The mountains of the Troödos region, in the country's south, are unforgettable. And unlike the rest of the Republic, this is one place where you might not be outnumbered by package tourists. Popular with skiers, hikers and the heat-intolerant, Troödos is littered with 15th-century frescoed monasteries, wine-making villages and pleasant walking trails. Kykkos Monastery, in the western Troödos, is the best known but most touristy monastery. Built in the 12th century, it's been completely renovated and contains a museum of religious icons. Asinou is probably the most beautiful of the area's monasteries, but it's a bit of a trek to get to it - head south from Nikitari.Platres is the main resort in the Troödos.
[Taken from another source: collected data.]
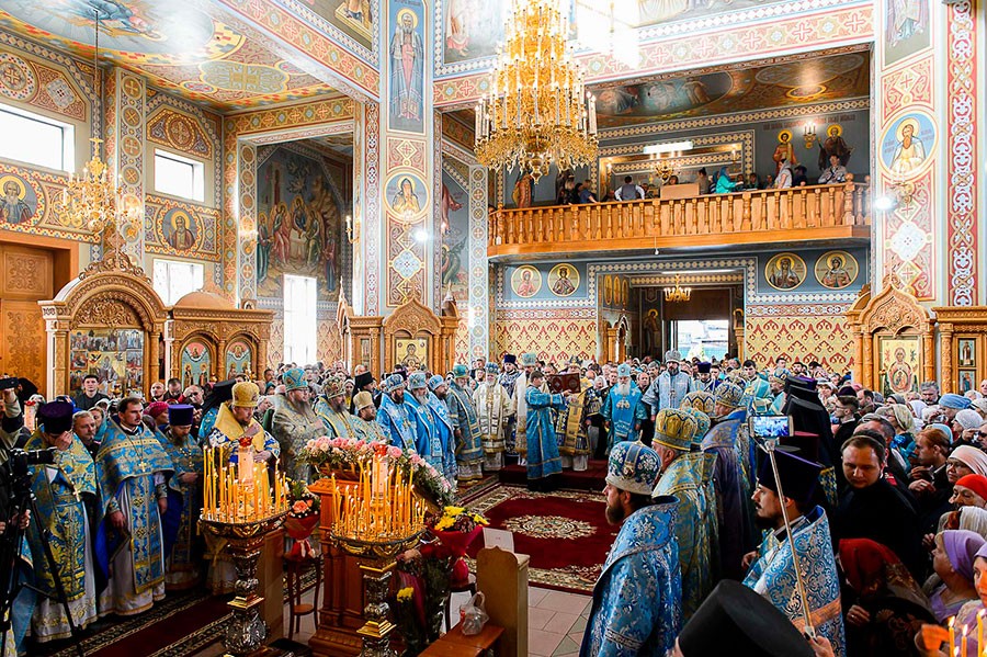 Праздничная Божественная литургия была совершена в Софийском соборе Иверско-Серафимовского женского монастыря, под сводами которого с вечера 4 октября пребывает чудотворный Курский-Коренной образ Царицы Небесной. По благословению Святейшего Патриарха Московского и всея Руси Кирилла принесение великой святыни православия в пределы Казахстанского митрополичьего округа осуществляется с 4 по 11 октября.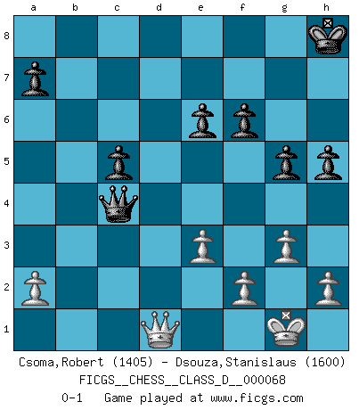 Last move : 0-1 2008 April 14 7:43:39 [Event "FICGS__CHESS__CLASS_D__000068"] [Site "FICGS"] [Date "2007.11.12"] [Round "1"] [White "Csoma,Robert"] [Black "Dsouza,Stanislaus"] [Result "0-1"] [WhiteElo "1405"] [BlackElo "1600"] 1.Nf3 d5 2.d4 Nf6 3.c4 e6 4.Nc3 Bb4 5.g3 Ne4 6.Qc2 O-O 7.Bg2 Nxc3 8.bxc3 Be7 9.O-O c5 10.Bf4 Nc6 11.Ne5 Nxe5 12.Bxe5 f6 13.Bf4 g5 14.Be3 Kh8 15.Rab1 b6 16.Qb3 Bb7 17.cxd5 Bxd5 18.Bxd5 Qxd5 19.c4 Qe4 20.dxc5 Bxc5 21.Bxc5 bxc5 22.e3 Rfd8 23.Rfd1 h5 24.Rxd8+ Rxd8 25.Rd1 Rxd1+ 26.Qxd1 Qxc4 0-1 This chess game has been lost on time (started : 2007.11.12 11:13:43) Reti Opening Kingside Castling by player Black (move 6) Kingside Castling by player White (move 9) Player Black won this chess game. Follow this game move after move (download)Chess is a cold bath for the mind. (Sir John Simon) Ohne Leiden bildet sich kein Charakter. (Ernst Freiherr von Feuchtersleben) Yo siempre he tenido un ligero sentimiento de lástima por una persona que no tiene conocimiento del Ajedrez. (Siegbert Tarrasch) Aux échecs, les retours au sommet sont rares : les dommages psychologiques consécutifs à une défaite sont trop sévères. (Daily Telegraph) There are lots of people who mistake their imagination for their memory. (Josh Bilings)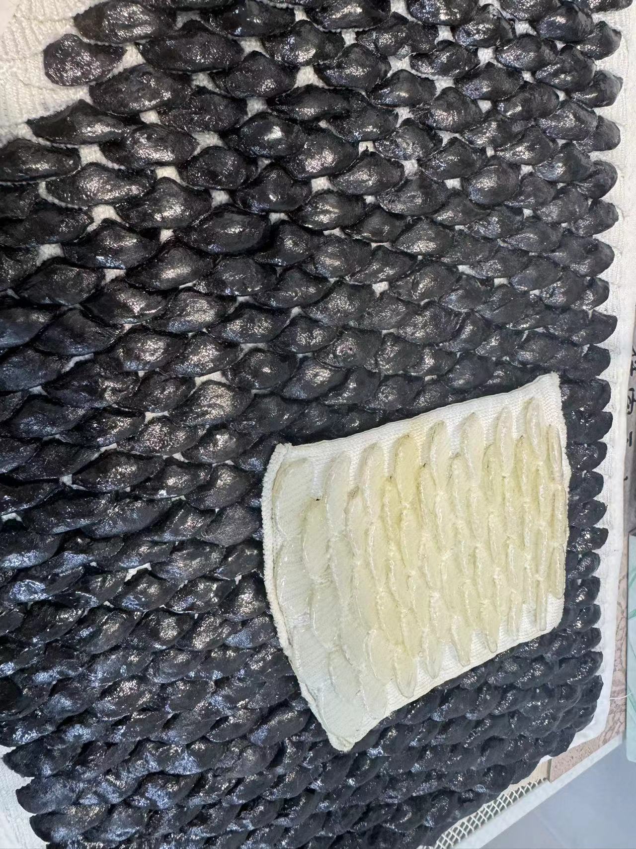 为了让“人造蛇皮”更“高级”,团队又发挥针织技术的高成形灵活性,以高性能纱线超高分子量聚乙烯为原料,设计鳞片织物组织结构与编织工艺,在全成形电脑横机上一体化编织了仿生鳞片织物,实现了鳞片层与织物底层的整体无缝衔接。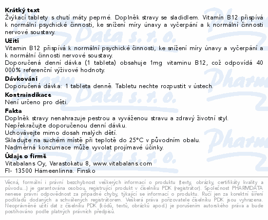 Žvýkací tablety s chutí máty peprné. Doplněk stravy se sladidlem. Vitamín B12 přispívá k normální psychické činnosti, ke snížení míry únavy a vyčerpání a k normální činnosti nervové soustavy.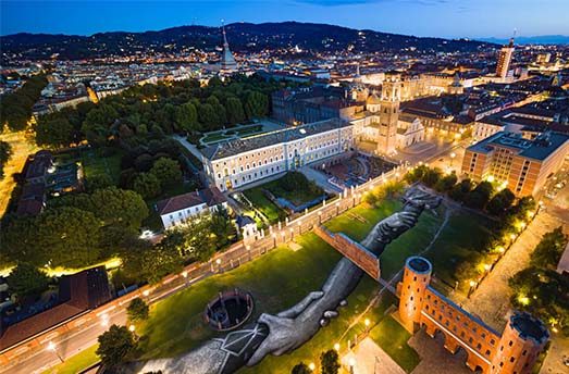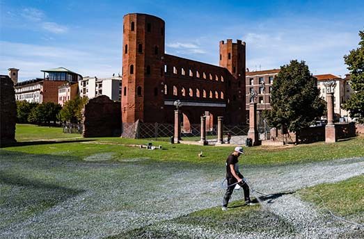 In der bezaubernden Kulisse des Archäologischen Parks an der Turiner Porta Palatina erweckte Saype ein Kunstwerk zum Leben, das sich auf über 6.000 Quadratmetern erstreckt. Dieses riesige Gemälde ist ein Symbol für Solidarität, Widerstandsfähigkeit und Respekt für die Umwelt, das die Stadt Turin im übertragenen Sinne mit dem Rest der Welt verbindet.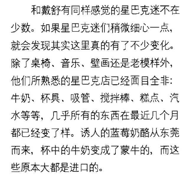 一句“原本都是进口的”,作者笔下的星巴克迷,俨然一个个都对国货过敏,只有靠“洋货”才能续命的玻璃人,愤慨地指责星巴克不断扩张污染了他们娇贵的优越感。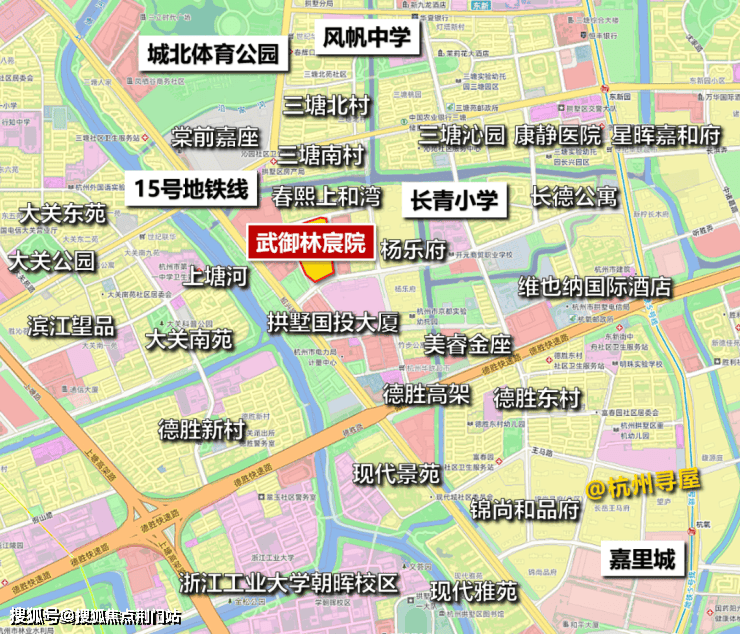 先看区位,武御林宸院位于拱墅区三塘板块,北侧约500米为城北体育公园,不远处为在建地铁15号线三塘站,西侧约200米为上塘河。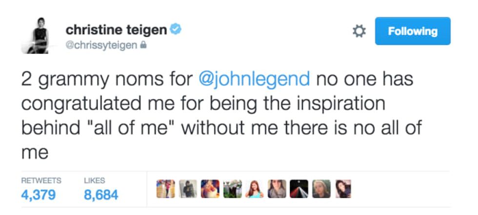 4. I love Chrissy because she says what we have all wanted to say to some of Donald Trumps ridiculous Tweets. She is always trolling Trump and is even accompanied by John Legend which makes it so much more perfect.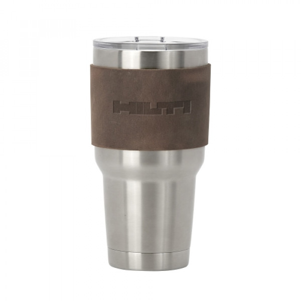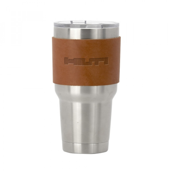 Huntsman debossed leather sleeve for 30 oz. stainless steel tumbler (stainless steel tumbler not included). Choose from 6 domestic, USA Made, leather colors and customize to match your company logo to create something truly unique. Colors and distress marks will vary
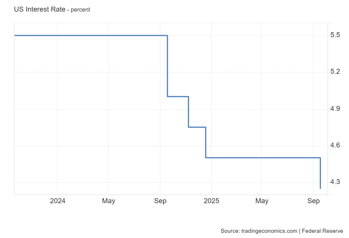 Федералдық резервтің негізгі мөлшерлемені 4.50%-дан 4.25%-ға дейін төмендету туралы шешімі АҚШ қаржы нарықтарына маңызды сигнал берді. Бұл қысқарту ФРЖ-ның ЖІӨ өсімінің баяулауы мен еңбек нарығының әлсіреуі жағдайында экономикалық белсенділікті қолдау ниетін көрсетеді. Төмен мөлшерлемелер корпорациялар мен үй шаруашылықтары үшін қарыз алу құнын азайтады, бұл инвестициялар мен тұтынуды ынталандыруы мүмкін. Алайда, Джером Пауэллдің ілеспе түсініктемелері тариф саясатының ішінара әсерінен туындайтын инфляциялық тәуекелдердің сақталып отырғанын көрсетті, бұл инвесторлардың шамадан тыс оптимизмін тежейді.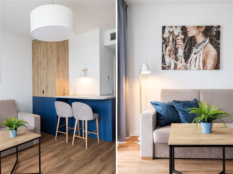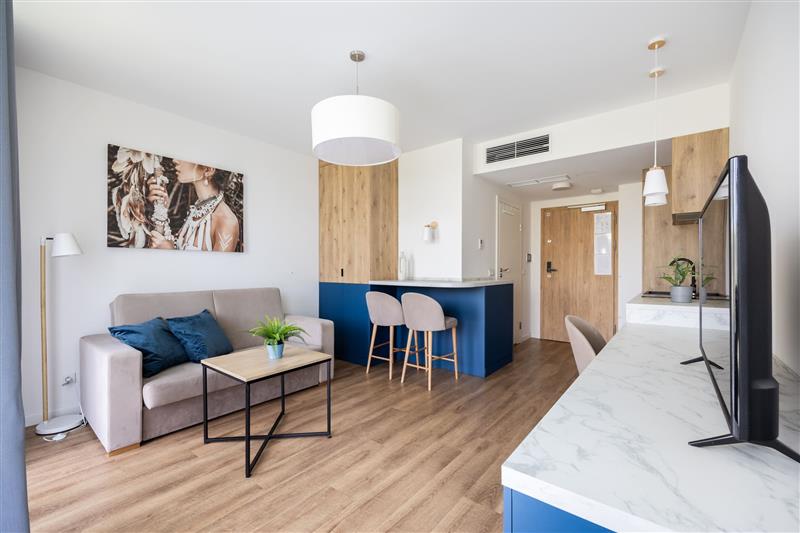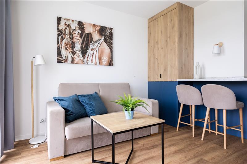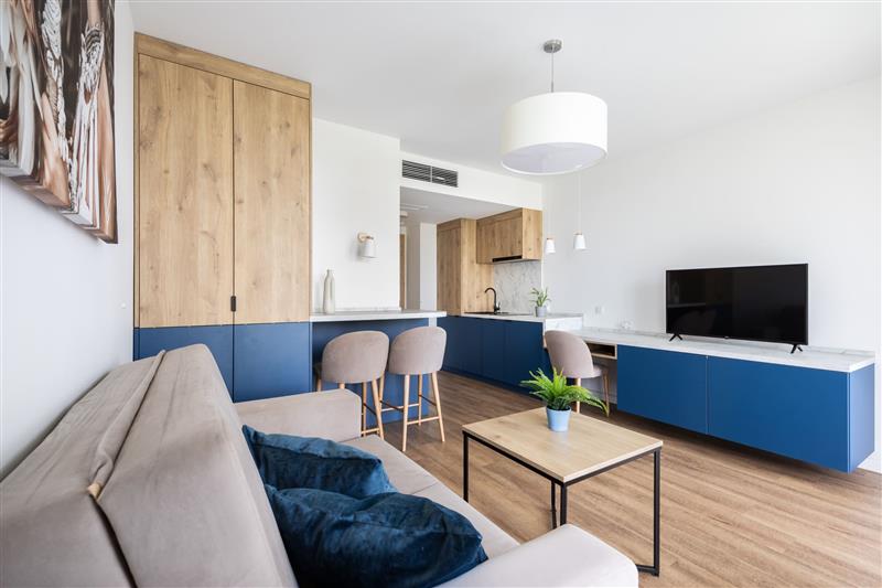 Mieszkanie jest sprzedawane z pełnym wyposażeniem, w tym sprzętem AGD renomowanych marek, a także meblami. Obejmuje to również system klimatyzacji z funkcją grzania, nowoczesne drzwi zewnętrzne z elektronicznym zamkiem oraz wideodomofon.
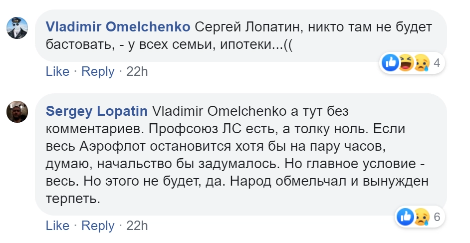 По ее словам, у профсоюза есть правовое и юридическое обоснование незаконности предложений авиакомпании. Но всё упирается в пассивность самих работников компании, которые прячут головы в песок и дальше жалоб в соцсетях идти боятся или ленятся.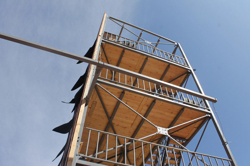 Работы по возведению учебного снаряда подошли к своему концу. Рабочие уже выстроили башню, по которой будут взбираться участники соревнований. Она состоит из четырех этажей и учебной полосы.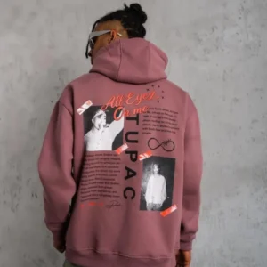 Erkek Ön Arka Baskılı Kapşonlu Sweat – Gül Kurusu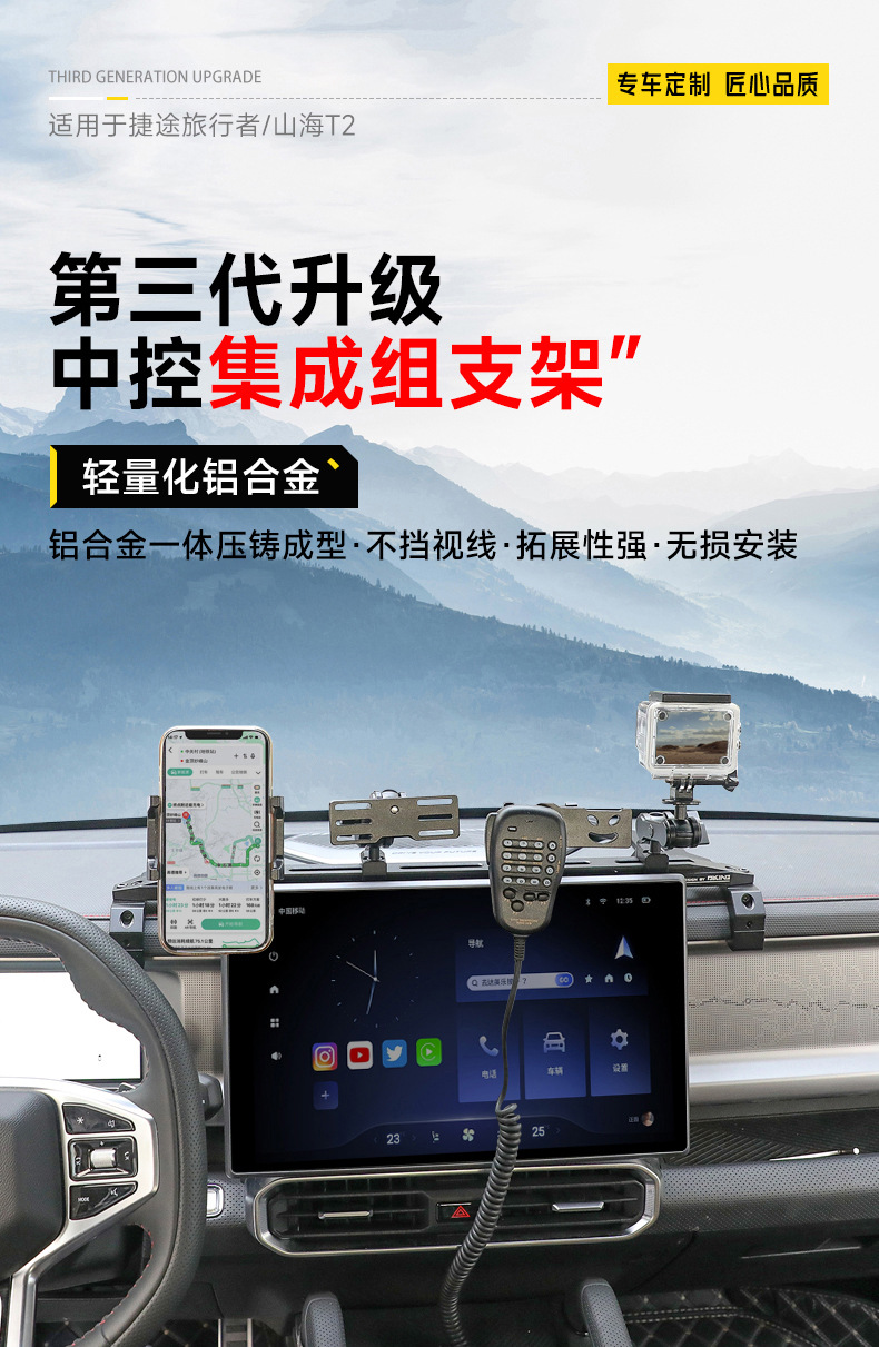 Upgrade your Jetour Traveller T2 with this multi-functional dashboard rail mount. Securely holds phones and walkie-talkies for enhanced off-road utility.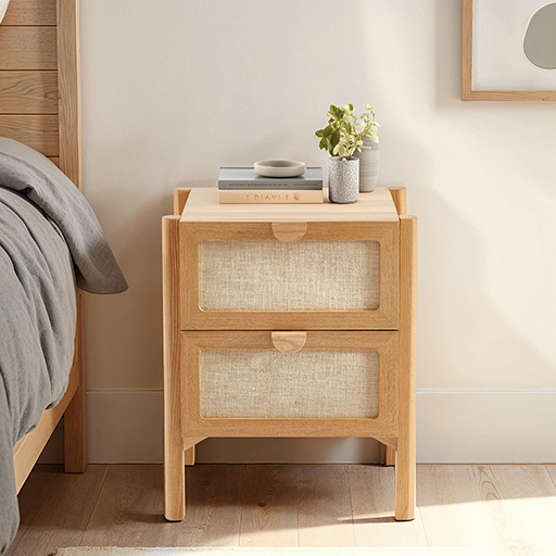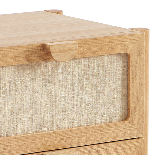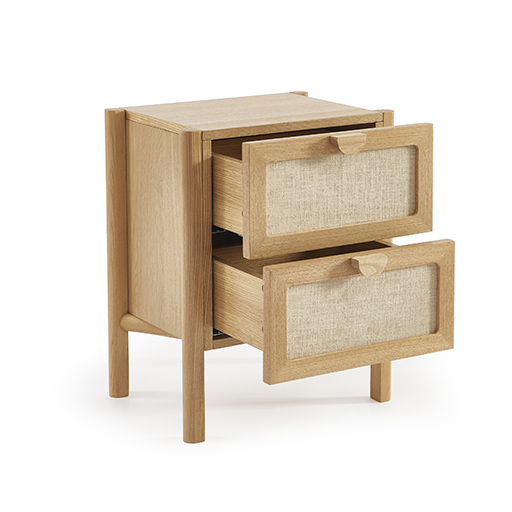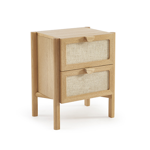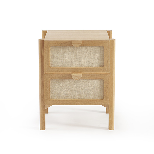 This bedside table highlights the linen texture applied to its two drawer fronts. Its compact format offers clear, practical storage for everyday items. The understated oak framing emphasises the drawers’ simplicity, while the rounded-leg base, shared across the collection, adds a soft and balanced presence. Soft-closing drawers ensure a smooth and quiet experience.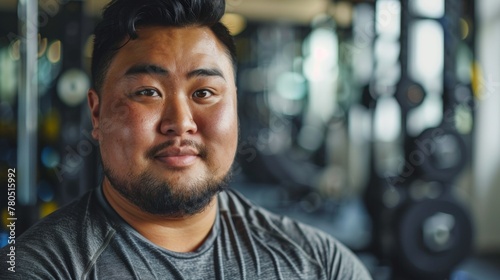 A man with a beard wearing a gray shirt standing in a gym with weights in the background.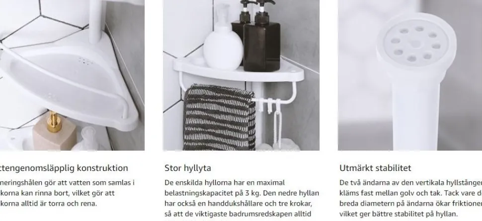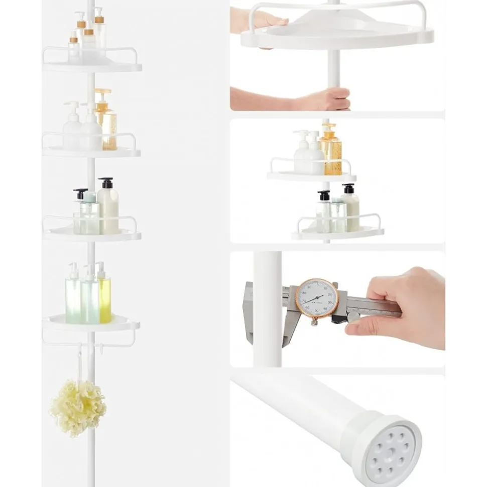 Duschhylla med rör av pulverlackerad stål och hyllplan av plast. Justerbara hyllplan med dräneringshål. Monteras mellan golv och tak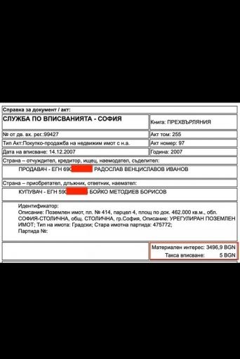 От справка на службата по вписвания става ясно, че през 2007г. Бойко Борисов е придобил парцела (съседен на друг негов) върху който е построена недекларираната къща от своят братовчед Радослав Венциславов Иванов. Декларираната цена за придобиване на имота е 3496,90 лева за УПИ от 462кв.м. или грубо по 4 евро на квадратен метър, което е поне десетократно занижена цена според нивата на реалните пазарни цени към годината на сделката – 2007г. в конкретният жилищен квартал Банкя. Това е класическа симулативна сделка в нарушение на закона с цел укриване на доходи и неплащане на данъци и такси. По-късно върху този парцел е построена и недекларираната къща. Според нас това е направено с цел да се укрие произхода на средствата, с които е извършен строежа на къщата, вероятно защото не може да се докаже техният законен произход, както и да се избегне плащанетона данъци и такси. Към момента на изграждане на къщата и издаването на необходимите разрешителни и документация Бойко Борисов е бил кмет на Община София. И като кмет на Община София той сключва симулативна сделка за закупуване на имот ощетявайки Община София с неплащане на данъци и такси! БОЕЦ изразяваме и своите съмнения, че Бойко Борисов е злоупотребил със служебното си положение, в качеството на кмет на Община София, за да може да извърши сътветната сделка и получи необходимите разрешителни и докумнети за строеж на къщата от 138 кв.м. , която след това не е декларирал пред съответните органи. Както и че е бил в конфикт на интереси при издаване на съответните документи за строежа от служители, които се явяват негови подчинени в общинската и районна администрация. БОЕЦ изискваме от прокуратурата да разпореди данъчна ревизия, като физическо лице на Бойко Медоиев Борисов с цел установяване на произхода на средствата за построяването на въпросната къща – 138 кв.м. РЗП. , която не е декларирал пред Сметната палата.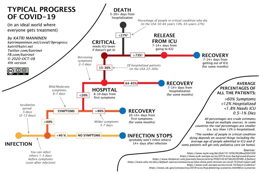 Devam eden salgınlarda, alınan önlemlere, geliştirilen ilaç ve aşılara, virüsün evrimsel sürecine bağlı olarak bu sayıların coğrafyadan coğrafyaya ve zamandan zamana değişebileceği hatırlanmalıdır. Örneğin salgının erken evrelerinde virüs hakkında yeni yeni bilgiler edinirken, şu tür bir bilimsel ilerleyiş kaydedilmişti (bunların bir kısmı geçerliliğini yitirmiştir):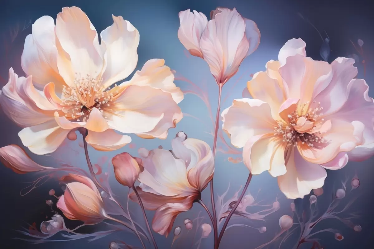 Murais de parede Peônias em tons de rosa claro e creme, em estilo aquarela, sobre um fundo azul profundo Nr. w09513

In the south of the region, it was a colonial hill station and is still very popular with expats. It's nothing special, but there's lots of places to stay. Pedoulas, in the western Troödos, is another regional centre and home to the Church of Arhangelos Mihail. It's also one of the most convenient bases for visiting Kykkos. The Solea district, in the north, is scattered with picturesque small villages and monasteries, and is ideal if you're keen for a bit of cycling.